Redmond is challenging Google once again to Bing It On. Microsoft is targeting so-called Scroogle with another combative campaign that aims to turn the heads of the search engine masses -- this time in the United Kingdom.
The campaign suggests trying out trending searches on Google and Bing side by side. The four on the home page on Friday morning are “California abortion law,” “Michael Douglas,” “Richard Belzer SVU,” and “Craig Robinson.” I chose “California abortion law” in my test.
Bing wanted to know which results I thought were better: the list on the left or the list on the right. I chose the right. Next, I searched for “NSA data center.” I chose the results on the left this time. Finally, in the last of three searches, I clicked on “Planet with no sun.” I chose the results on the right.

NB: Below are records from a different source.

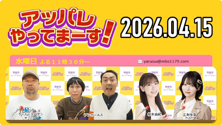 【動画】2026.04.08 アッパレやってまーす!水曜日 【江角怜音 (≒JOY)、ケンドーコバヤシ、アンガールズ、柏木由紀】 2026年04月09日 カテゴリ:ラジオ=LOVE(イコールラブ) mixiチェック 【【動画】2026.04.08 アッパレやってまーす!水曜日 【江角怜音 (≒JOY)、ケンドーコバヤシ、アンガールズ、柏木由紀】】の続きを読む タグ :#イコールラブ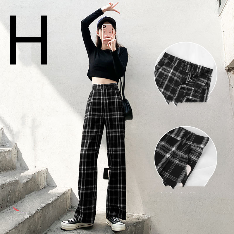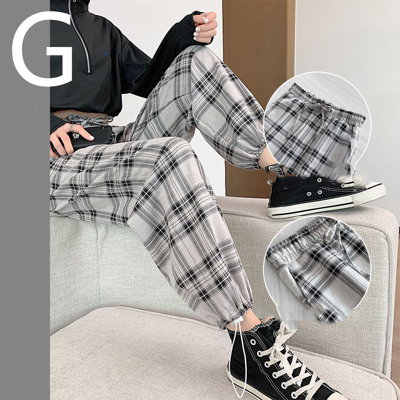 A: Spring and Autumn models-black and white plaid [lace elastic waist] with pockets,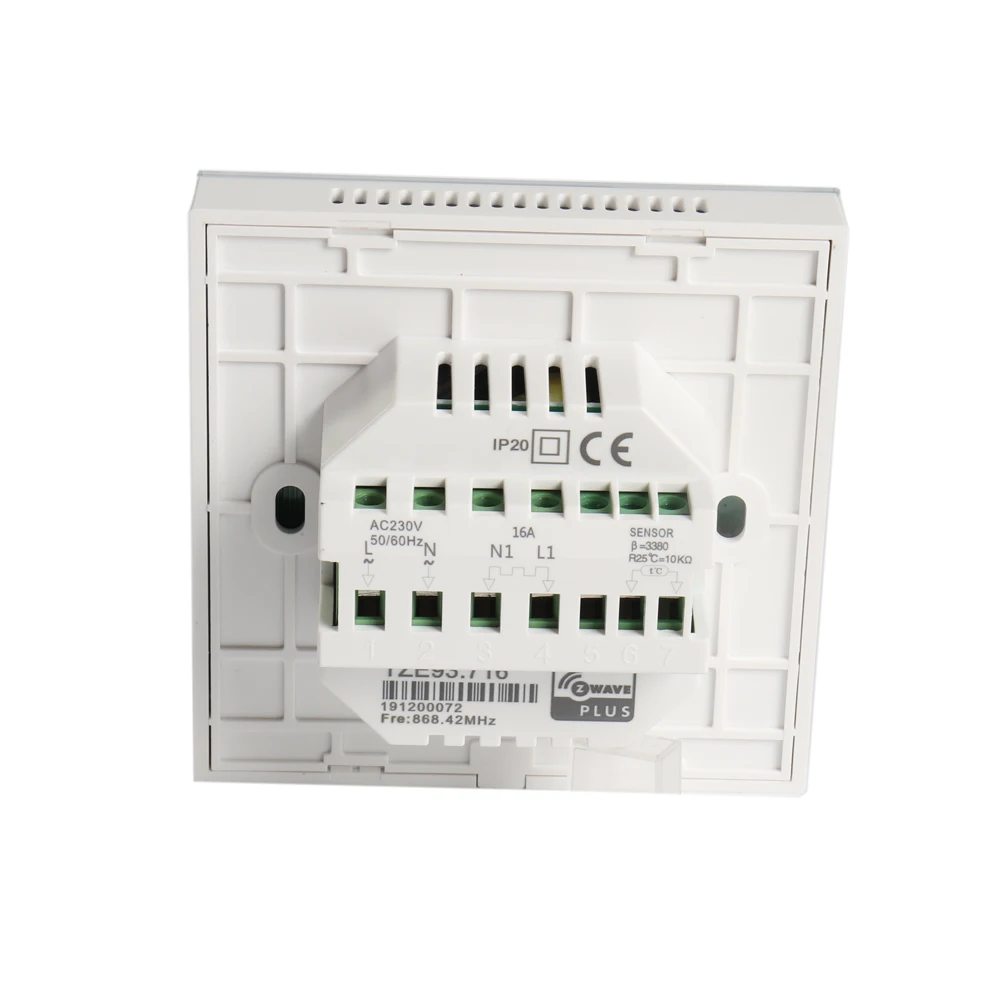 The TZE93.716 is a heating thermostat with LCD screen and built-in Z-Wave Plus technology. The thermostat is designed to fit into your flush box and control your electric heating or on/off actuator valves used in hydronic heating. The thermostat is mains powered and has an internal temperature sensor built in and an external sensor included in the scope of delivery. To use both sensors you have to connect the external sensor to the thermostat. Then the thermostat allows to switch between the 2 different sensors. The display shows the value of the chosen temperature sensor and allows adjusting the temperature of the connected heating system. The temperature can be adjusted in steps of 0.5° C.Advantages: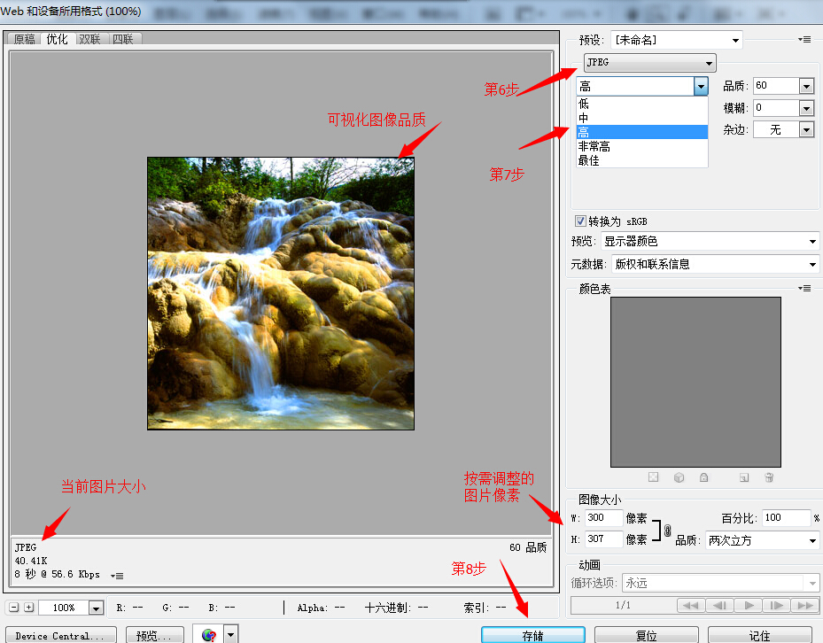第6步,第7步,可以調(diào)整圖像畫質(zhì),這里可以看到圖片的大小KB 會(huì)跟著變小,你需要選擇你顯示的尺寸不失真的最小大小就行了。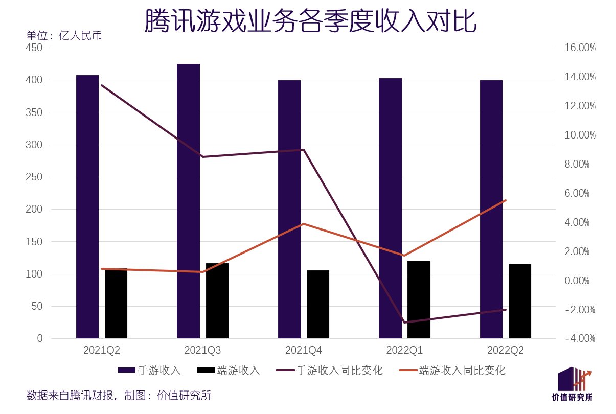 其中,最重要的手游收入为400亿元,同比下滑2%——这不仅是腾讯手游业务近6个季度的最差表现,也是继2020年四季度之后首次出现连续两个季度负增长。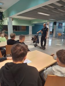W ramach działań profilaktycznych funkcjonariusze Straży Miejskiej we Wrześni przeprowadzili z uczniami klas ósmych zajęcia dotyczące bezpieczeństwa uczestników ruchu drogowego, jeżdżących na elektrycznych hulajnogach. Nasza młodzież poszerzyła swoją wiedzę z zakresu przepisów ruchu drogowego i bezpieczeństwa.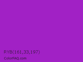 RYB 161,33,197 Color is a normal purple color and the nearest color is Dark Orchid #9932cc. Hex code #a121c5 and RGB value is rgb(161,33,197). In RGB color space, this color is composed of 63% red, 13% green, 77% blue, In CMYK color space, this color is composed of 18% cyan, 83% magenta, 0% yellow , 23% black , In HSL color space, this color has a hue angle of 287° , 71% saturation and 45% lightness.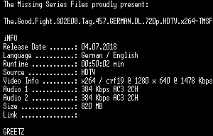 | FiLENAME: | The.Good.Fight.S02E08.Tag.457.GERMAN.DL.720p.HDTV.x264-TMSF.mkv |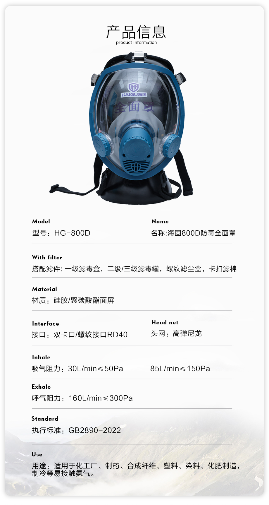 海固800D全面罩+HG-ABS/P-K-3濾毒罐 氨氣防護(hù)套裝
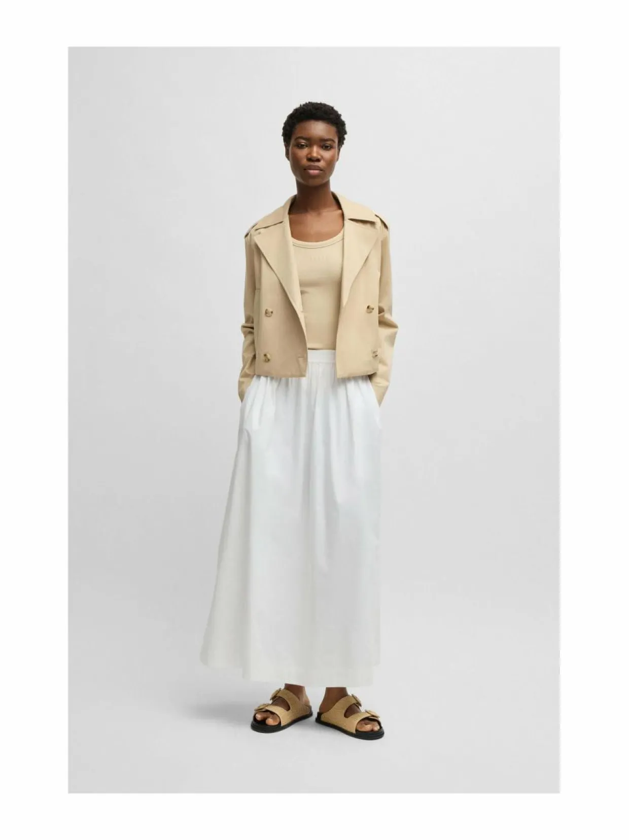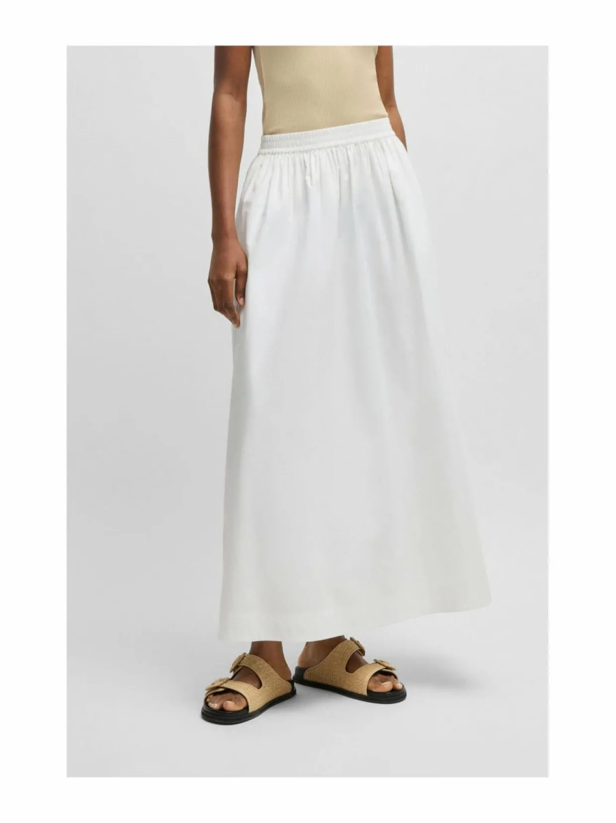 BOSS vaatemerkin Vlondie-hame on valmistettu pehmeästä popliinikankaasta, joka tuntuu miellyttävältä ihoa vasten. Sen muotoilu on rennon ilmava, sopien monenlaisiin tilaisuuksiin. Hameessa on joustava vyötärö, joka tarjoaa mukavan istuvuuden sekä käytännölliset sivutaskut.
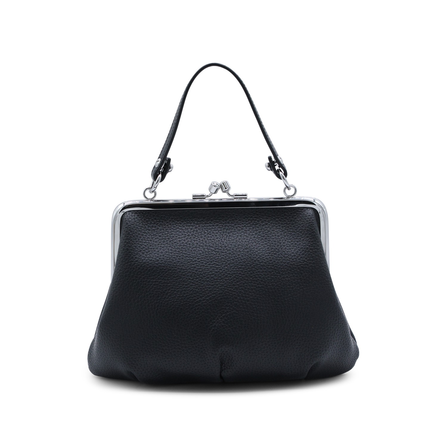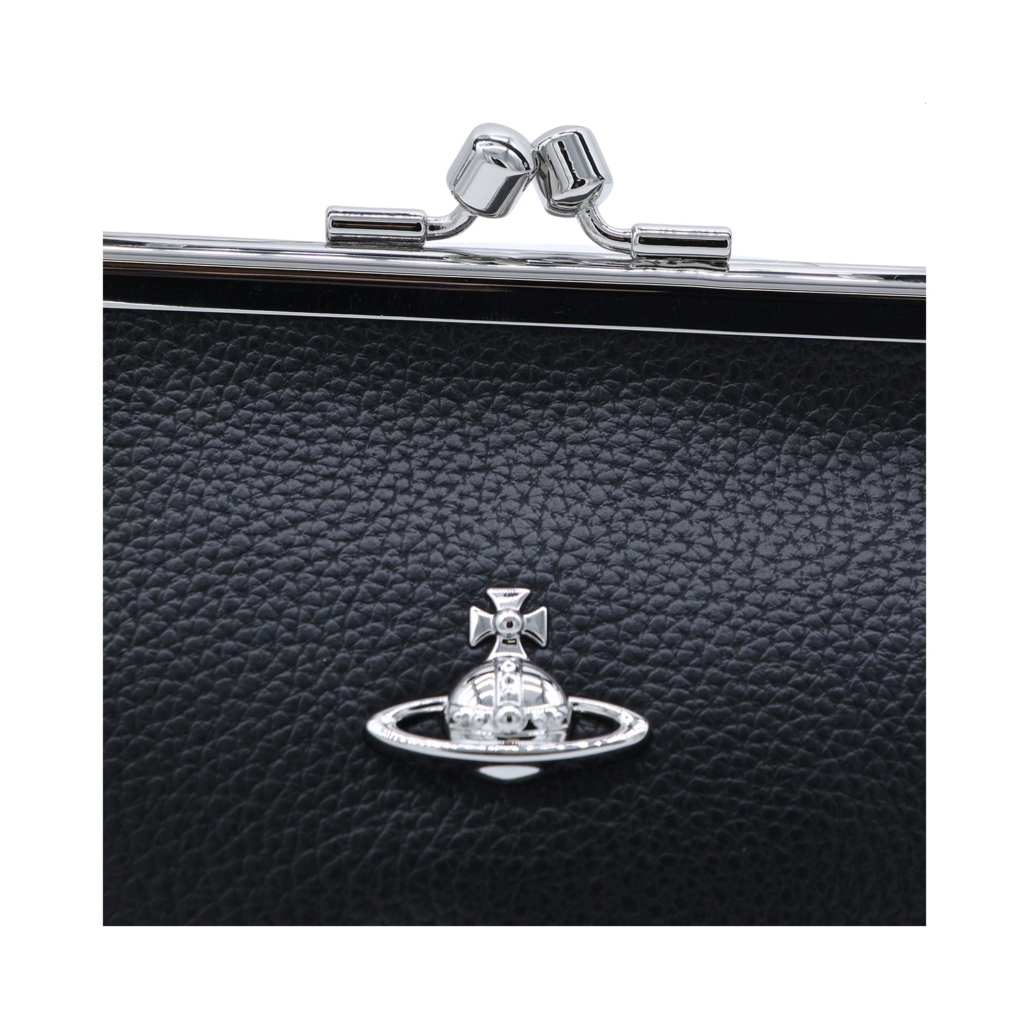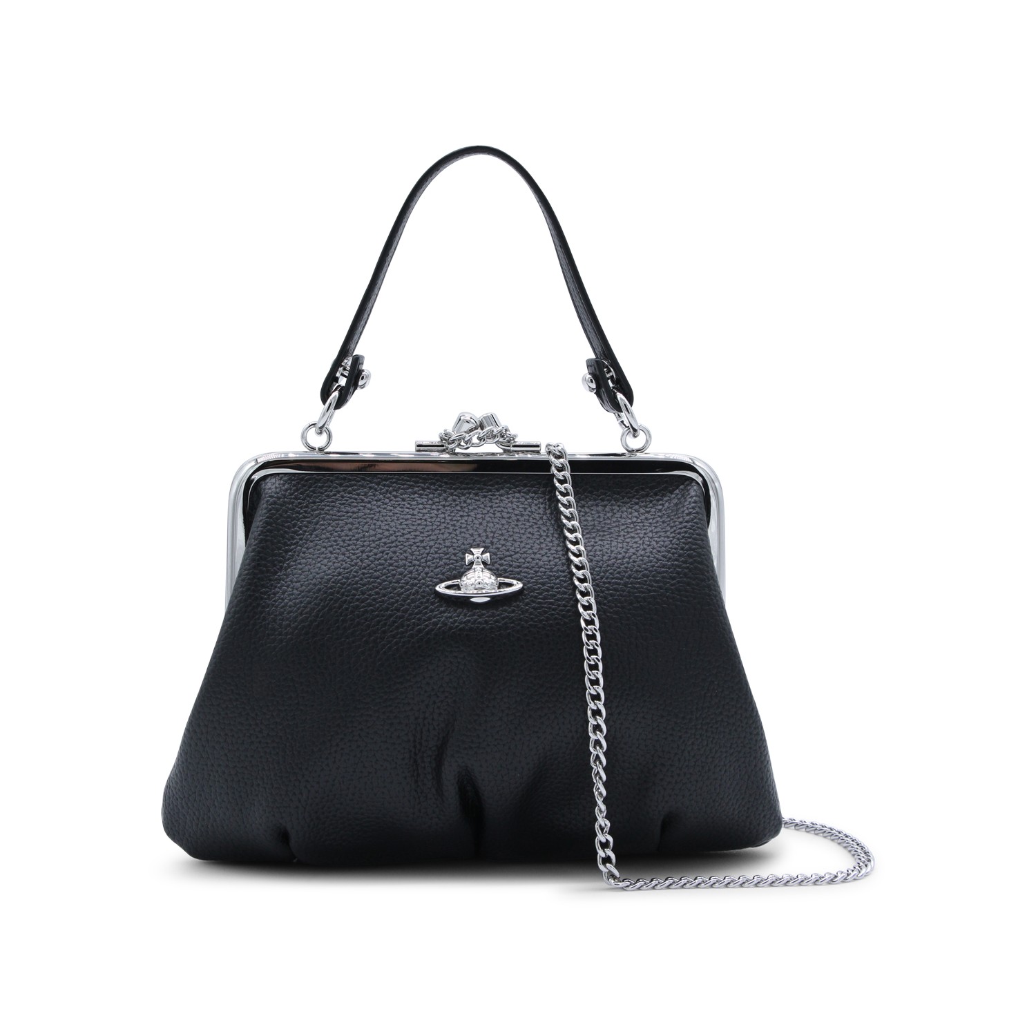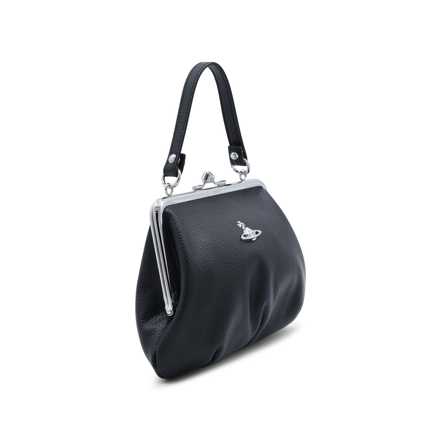 Black clutch from Vivienne Westwood featuring removable top handle, metal Orb logo, snap closure and main compartment.

I had to go through two more searches before I got the results. And the results were in Bing’s favor. Bing won three out of the four searches. I tended to choose the search results that included videos, photos and other standard background articles on the news topic. Bing provided that whereas the Google results were almost all strictly news.
Are The Results Accurate?
We turned to Greg Sterling, principal analyst at Sterling Market Research, to get his thoughts on the Bing It On campaign. He told us there was recently a controversy as Yale professor Ian Ayers sought to replicate it and then claimed he had debunked the Bing It On challenge. Microsoft disputed the study just as he and his research had disputed the earlier Bing results.
“This is a U.K. campaign, which I don't believe Microsoft has done previously. The marketing does get attention and generate discussion. So on a pure awareness level, regardless of whether the methodology is sound or the results accurate, it's a success for Microsoft. However it's very unlikely to have a major impact on real-world usage,” Sterling said.
The thing that was most interesting about the Yale-Ayers study, which sought to disprove Bing It On, was that Google won 53 percent of the time and Bing won 41 percent of the time. Even though Bing wasn't preferred by the majority it came closer to Google than might have been expected.”
Microsoft Stands By Bing
The first Bing It On campaign rolled out about a year ago. Redmond pointed to its independent study that shows people prefer Bing search results over Google. Although most people identify themselves as Google searchers, the study shows people chose Bing Web search results over Google nearly two-to-one in blind comparison tests.
"In addition to better search results, Bing also includes useful information from your friends and experts from Facebook, Twitter, Quora, Foursquare and more, which is not available on Google," said Mike Nichols, corporate vice president and chief marketing officer of Bing. "If you want the best search results and a new, more useful way to search with your friends, try Bing today."